Liferiver Science and Technology Institute, Shanghai ZJ Bio-Tech Co., Ltd., Shanghai, China.
BMC Bioinformatics. 2023 Apr 4;24(1):128. doi: 10.1186/s12859-023-05195-2.
Concentrations of the pathogenic microorganisms' DNA in biological samples are typically low. Therefore, DNA diagnostics of common infections are costly, rarely accurate, and challenging. Limited by failing to cover updated epidemic testing samples, computational services are difficult to implement in clinical applications without complex customized settings. Furthermore, the combined biomarkers used to maintain high conservation may not be cost effective and could cause several experimental errors in many clinical settings. Given the limitations of recent developed technology, 16S rRNA is too conserved to distinguish closely related species, and mosaic plasmids are not effective as well because of their uneven distribution across prokaryotic taxa.
Here, we provide a computational strategy, Shine, that allows extraction of specific, sensitive and well-conserved biomarkers from massive microbial genomic datasets. Distinguished with simple concatenations with blast-based filtering, our method involves a de novo genome alignment-based pipeline to explore the original and specific repetitive biomarkers in the defined population. It can cover all members to detect newly discovered multicopy conserved species-specific or even subspecies-specific target probes and primer sets.

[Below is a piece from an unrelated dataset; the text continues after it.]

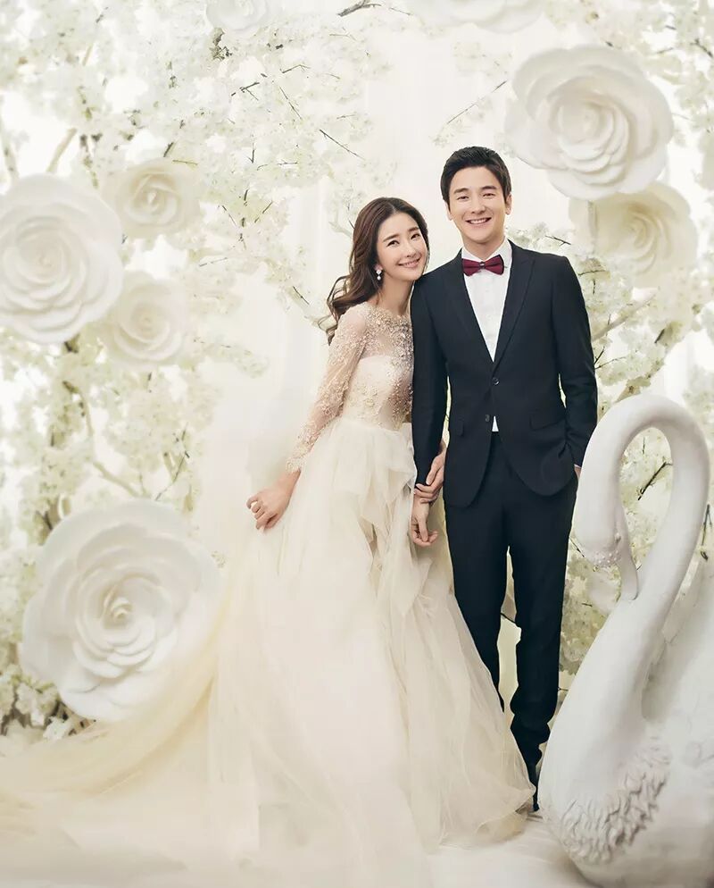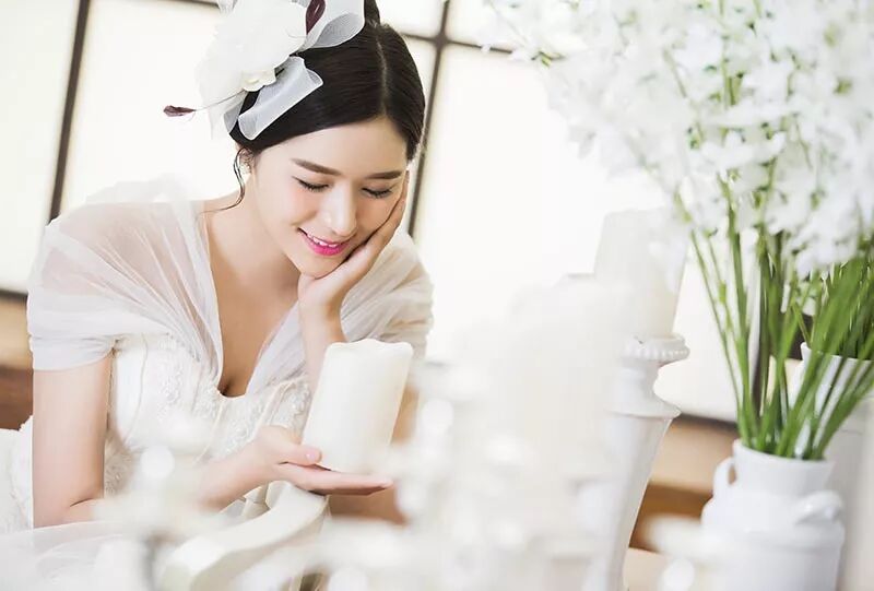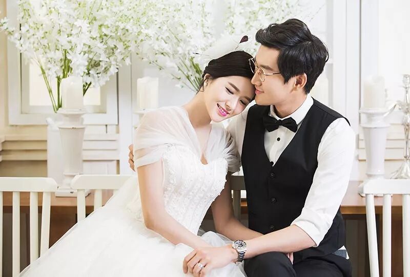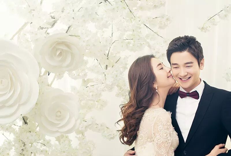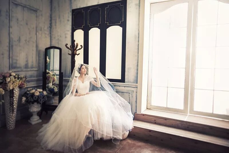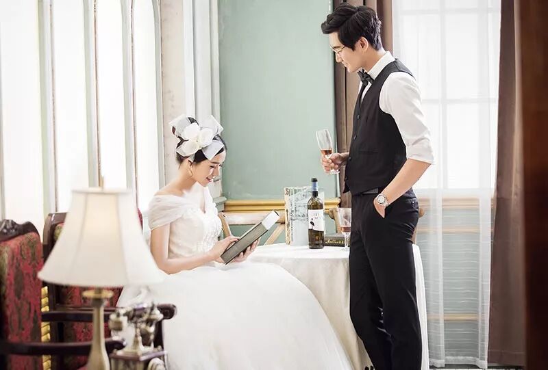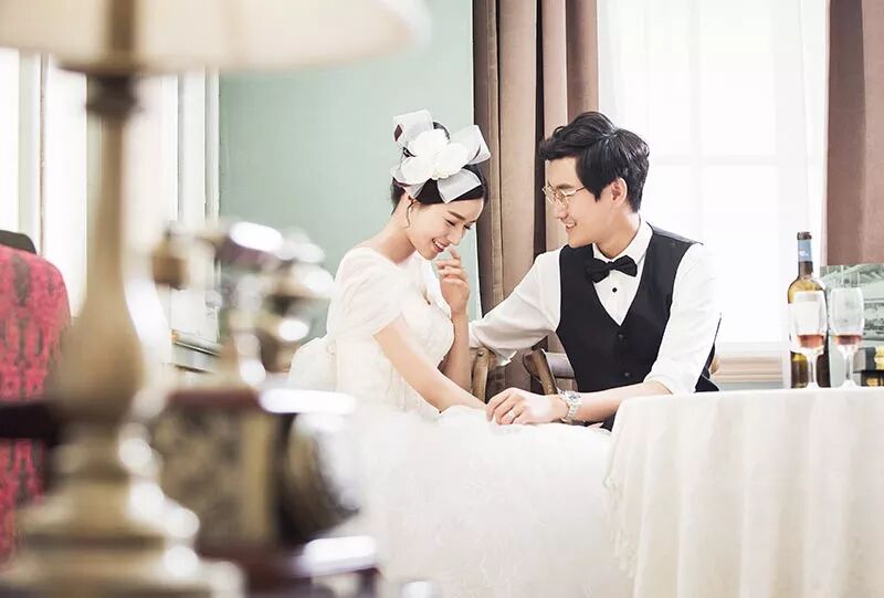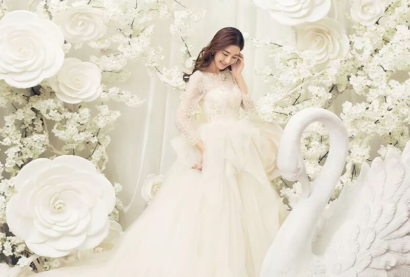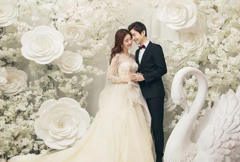 背景道具:韩式主婚纱照多选用渐变色和花纹素雅的扎染布或壁纸作为背景,常搭配花卉、花瓶、镜框等温馨的家居式道具。

The method has been successfully applied to a number of clinical projects and has the overwhelming advantages of automated detection of all pathogenic microorganisms without the limitations of genome annotation and incompletely assembled motifs. Using on our pipeline, users may select different configuration parameters depending on the purpose of the project for routine clinical detection practices on the website https://bioinfo.liferiver.com.cn with easy registration.
The proposed strategy is suitable for identifying shared phylogenetic markers while featuring low rates of false positive or false negative. This technology is suitable for the automatic design of minimal and efficient PCR primers and other types of detection probes.

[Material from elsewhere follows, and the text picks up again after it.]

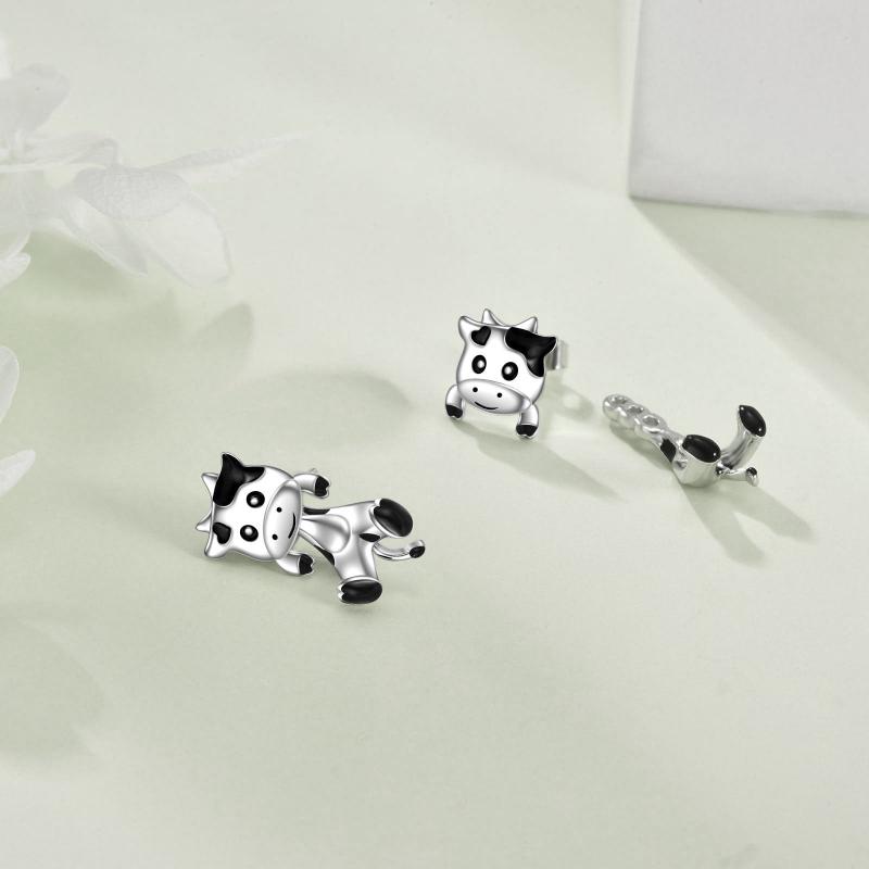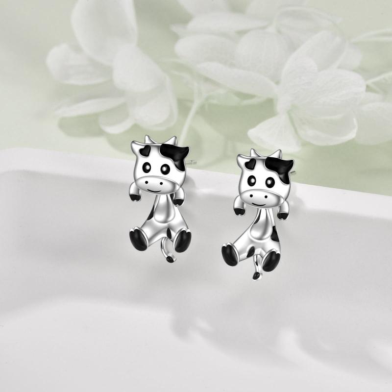 Adorable cow earrings made from high-quality 925 sterling silver, perfect for everyday wear or as a gift.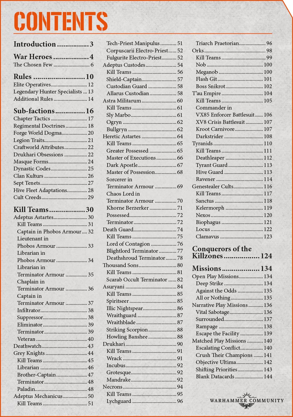 El suplemento Kill Team Élites trae consigo una larga lista de nuevas miniaturas usables para todas las facciones, además de reglas de sub-facciones.

生物样本中致病微生物 DNA 的浓度通常较低。因此,常见感染的 DNA 诊断既昂贵,又不准确,还具有挑战性。由于计算服务无法涵盖最新的流行测试样本,因此在没有复杂定制设置的情况下,很难在临床应用中实施。此外,用于保持高保守性的组合生物标志物可能不具有成本效益,并且在许多临床环境中可能会导致多个实验错误。鉴于最近开发的技术存在局限性,16S rRNA 由于过于保守,无法区分密切相关的物种,而嵌合质粒也因为在原核生物分类中分布不均匀而效果不佳。
在这里,我们提供了一种计算策略 Shine,可以从大量微生物基因组数据集中提取特定、敏感且高度保守的生物标志物。与基于 Blast 的过滤的简单串联区分开来,我们的方法涉及一种基于从头基因组比对的管道,用于探索定义种群中的原始和特定重复生物标志物。它可以涵盖所有成员,以检测新发现的多拷贝保守物种特异性甚至亚种特异性目标探针和引物对。该方法已成功应用于多个临床项目,具有自动化检测所有致病微生物的压倒性优势,而不受基因组注释和不完全组装基序的限制。用户可以根据项目的目的,在网站 https://bioinfo.liferiver.com.cn 上使用我们的管道选择不同的配置参数,方便注册,进行常规临床检测。
所提出的策略适合识别共享的系统发育标记,同时具有较低的假阳性或假阴性率。该技术适用于最小化和有效 PCR 引物等其他类型检测探针的自动设计。